Im Vorfeld der Bundestagswahl wendeten sich zahlreiche Verbände, Gewerkschaften und andere Organisationen mit Forderungen nach einer grundlegenden Änderung der Digitalpolitik an die Öffentlichkeit. Sie alle eint die Überzeugung, dass die bisherige Gestaltung der Digitalisierung in vielen Bereichen unzureichend ist. Dies betrifft Fragen der Verwaltungsdigitalisierung, der Industrie- und der Energiepolitik oder den Gesundheitssektor. Auch der Kulturbereich wurde in den Blick genommen. Bereits im Juni dieses Jahres veröffentlichte der Deutsche Städtetag das Diskussionspapier „Digitale Transformation in der Kultur – Herausforderung für die kommunale Kulturpolitik“.
Als Reaktion auf den beschleunigten digitalen Wandel vieler Kultureinrichtungen im Zuge der Corona-Pandemie hält der Städtetag Änderungen der kommunalen Kulturpolitik für nötig und macht drei konkrete Vorschläge. Zum einen soll Digitalisierung von Kultureinrichtungen künftig gezielt für mehr Reichweite ihrer Angebote und die Gewinnung neuer Zielgruppen genutzt werden. Zum anderen setzt sich der Städtetag dafür ein, dass ein „Datenraum Kultur“ als offene Plattform entsteht. Und schließlich sollen Kultureinrichtungen Digitalstrategien entwickeln. Diese Digitalstrategien sollen sich nach Ansicht des Städtetags auch damit beschäftigen, welche Rolle Kunst und Kultur bei einer kritischen Auseinandersetzung mit den Folgen der Digitalisierung einnehmen. Besonders im Fokus ist dabei die Frage, wie große privatwirtschaftliche Digitalkonzerne auf Kunst und Kultur einwirken und diese beeinflussen.

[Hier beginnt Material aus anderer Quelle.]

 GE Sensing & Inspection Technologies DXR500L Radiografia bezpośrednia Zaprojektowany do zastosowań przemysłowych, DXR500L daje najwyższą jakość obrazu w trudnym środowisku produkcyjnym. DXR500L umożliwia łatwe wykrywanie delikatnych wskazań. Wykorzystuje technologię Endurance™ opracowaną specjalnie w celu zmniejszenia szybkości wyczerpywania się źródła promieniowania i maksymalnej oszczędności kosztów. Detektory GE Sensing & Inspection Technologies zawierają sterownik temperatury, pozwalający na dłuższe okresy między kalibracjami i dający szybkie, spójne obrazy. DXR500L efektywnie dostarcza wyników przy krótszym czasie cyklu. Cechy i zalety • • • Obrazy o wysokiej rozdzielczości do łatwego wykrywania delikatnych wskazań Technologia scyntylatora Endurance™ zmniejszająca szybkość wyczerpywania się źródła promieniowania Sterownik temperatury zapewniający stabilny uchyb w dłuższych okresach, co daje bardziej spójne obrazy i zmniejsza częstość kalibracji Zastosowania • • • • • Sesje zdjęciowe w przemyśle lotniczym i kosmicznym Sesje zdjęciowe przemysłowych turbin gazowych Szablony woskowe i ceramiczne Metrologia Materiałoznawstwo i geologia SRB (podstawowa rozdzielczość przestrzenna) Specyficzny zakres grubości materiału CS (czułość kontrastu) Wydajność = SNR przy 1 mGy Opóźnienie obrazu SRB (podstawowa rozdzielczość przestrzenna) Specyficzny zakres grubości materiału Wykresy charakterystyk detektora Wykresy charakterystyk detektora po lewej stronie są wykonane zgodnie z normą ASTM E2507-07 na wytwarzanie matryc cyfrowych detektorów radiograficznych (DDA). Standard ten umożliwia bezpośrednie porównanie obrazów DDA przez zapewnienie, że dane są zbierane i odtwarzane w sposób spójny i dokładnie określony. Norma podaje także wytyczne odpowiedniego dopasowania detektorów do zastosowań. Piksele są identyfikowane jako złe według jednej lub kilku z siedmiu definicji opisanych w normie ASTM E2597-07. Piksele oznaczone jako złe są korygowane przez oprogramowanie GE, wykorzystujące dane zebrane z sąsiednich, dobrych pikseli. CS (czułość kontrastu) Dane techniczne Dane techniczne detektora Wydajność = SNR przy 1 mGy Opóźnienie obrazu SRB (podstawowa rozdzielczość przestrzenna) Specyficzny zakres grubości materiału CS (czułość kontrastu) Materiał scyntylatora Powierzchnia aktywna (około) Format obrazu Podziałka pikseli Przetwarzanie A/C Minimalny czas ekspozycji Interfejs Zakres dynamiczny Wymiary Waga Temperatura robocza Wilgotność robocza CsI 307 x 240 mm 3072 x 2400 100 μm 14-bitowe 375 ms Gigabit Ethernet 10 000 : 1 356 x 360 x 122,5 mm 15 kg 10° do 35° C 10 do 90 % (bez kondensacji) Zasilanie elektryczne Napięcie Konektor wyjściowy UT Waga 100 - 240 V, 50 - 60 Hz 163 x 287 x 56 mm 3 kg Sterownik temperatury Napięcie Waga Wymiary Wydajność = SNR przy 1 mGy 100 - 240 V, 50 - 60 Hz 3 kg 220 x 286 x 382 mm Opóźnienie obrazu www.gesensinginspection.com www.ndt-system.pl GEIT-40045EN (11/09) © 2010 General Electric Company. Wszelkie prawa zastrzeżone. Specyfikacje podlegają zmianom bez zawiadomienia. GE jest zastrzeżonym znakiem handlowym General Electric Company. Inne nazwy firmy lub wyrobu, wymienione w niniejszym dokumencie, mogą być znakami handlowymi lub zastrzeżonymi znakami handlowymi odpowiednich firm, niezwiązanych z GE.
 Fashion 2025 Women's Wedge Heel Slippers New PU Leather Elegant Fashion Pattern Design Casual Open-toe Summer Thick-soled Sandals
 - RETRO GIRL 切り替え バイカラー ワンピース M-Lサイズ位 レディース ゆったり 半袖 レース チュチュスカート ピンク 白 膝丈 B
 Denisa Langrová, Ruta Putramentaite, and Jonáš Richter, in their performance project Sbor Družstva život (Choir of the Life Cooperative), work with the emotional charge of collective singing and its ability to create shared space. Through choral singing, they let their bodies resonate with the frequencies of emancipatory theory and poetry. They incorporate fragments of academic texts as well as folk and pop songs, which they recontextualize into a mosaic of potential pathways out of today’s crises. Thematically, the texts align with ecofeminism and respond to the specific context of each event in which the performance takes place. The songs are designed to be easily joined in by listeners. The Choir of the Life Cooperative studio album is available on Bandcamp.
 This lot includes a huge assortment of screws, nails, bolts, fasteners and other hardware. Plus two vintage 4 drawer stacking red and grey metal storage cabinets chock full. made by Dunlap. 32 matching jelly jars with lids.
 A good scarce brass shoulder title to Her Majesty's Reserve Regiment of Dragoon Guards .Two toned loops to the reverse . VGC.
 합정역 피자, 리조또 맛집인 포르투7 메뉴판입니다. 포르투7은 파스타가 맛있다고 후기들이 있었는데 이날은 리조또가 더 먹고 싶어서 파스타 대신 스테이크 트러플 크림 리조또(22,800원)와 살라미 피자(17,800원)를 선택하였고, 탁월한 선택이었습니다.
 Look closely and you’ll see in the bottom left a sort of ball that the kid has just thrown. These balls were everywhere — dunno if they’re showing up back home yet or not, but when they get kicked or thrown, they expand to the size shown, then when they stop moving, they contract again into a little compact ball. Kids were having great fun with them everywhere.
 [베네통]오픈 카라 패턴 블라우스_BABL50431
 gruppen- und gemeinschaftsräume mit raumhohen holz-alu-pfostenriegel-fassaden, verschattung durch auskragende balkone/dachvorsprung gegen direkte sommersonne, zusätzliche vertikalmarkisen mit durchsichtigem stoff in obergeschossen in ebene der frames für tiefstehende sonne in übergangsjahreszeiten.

Ein Beispiel dafür, wie eine solche kritische Auseinandersetzung aussehen kann, ist die vielbeachtete Aktion „Made to Measure“ der Berliner Künstlergruppe Laokoon. Vor allem über den zu dem Projekt gehörigen gleichnamige Dokumentarfilm von WDR und dem SRG SSR erreichte das Projekt vor Kurzem ein Millionenpublikum. Für „Made to Measure“ hatte das Laokoon-Trio nur anhand von Google-Suchergebnissen eine Doppelgängeridentität einer realen Person erschaffen, die ihnen dafür die Internet-Datenspuren mehrerer Jahre überlassen hatte. Was eine Schauspielerin dann aus diesen Spuren herauslesen und performen konnte, kam der realen Person extrem nah. Das Projekt wurde gefördert im Rahmen des 18 Mio.€ schweren Fond Digital der Kulturstiftung des Bundes.
Projekte wie „Made to Measure“ zeigen, dass die grundlegenden Eigenschaften von Kunst und Kultur – nämlich Fragen aufzuwerfen, Probleme anzusprechen und neue Zugänge zu den Themen zu bieten, die unsere Gesellschaft bewegen – auch bei der Gestaltung des digitalen Wandels wertvolle Perspektiven bieten. Die Stimme der Kultur in der Digitalpolitik stärker als bisher einzubeziehen, scheint daher logisch.
Der Appell des Deutschen Städtetags enthält daher wichtige Botschaften und Aufträge an die Kommunen. Worauf der Städtetag in seiner Veröffentlichung allerdings nicht eingeht, ist die Frage danach, wie Kulturpolitik mit technischen Phänomenen wir künstlicher Intelligenz, Augmented Reality, oder NFTs (Non fungible Tokens) umgehen sollte. Diese und andere Technologien verändern aktuell die Kunst- und Kulturrezeption als auch die Kunstproduktion grundlegend, unter anderen, indem sie ganz neue ästhetische Ausdruckformen schaffen.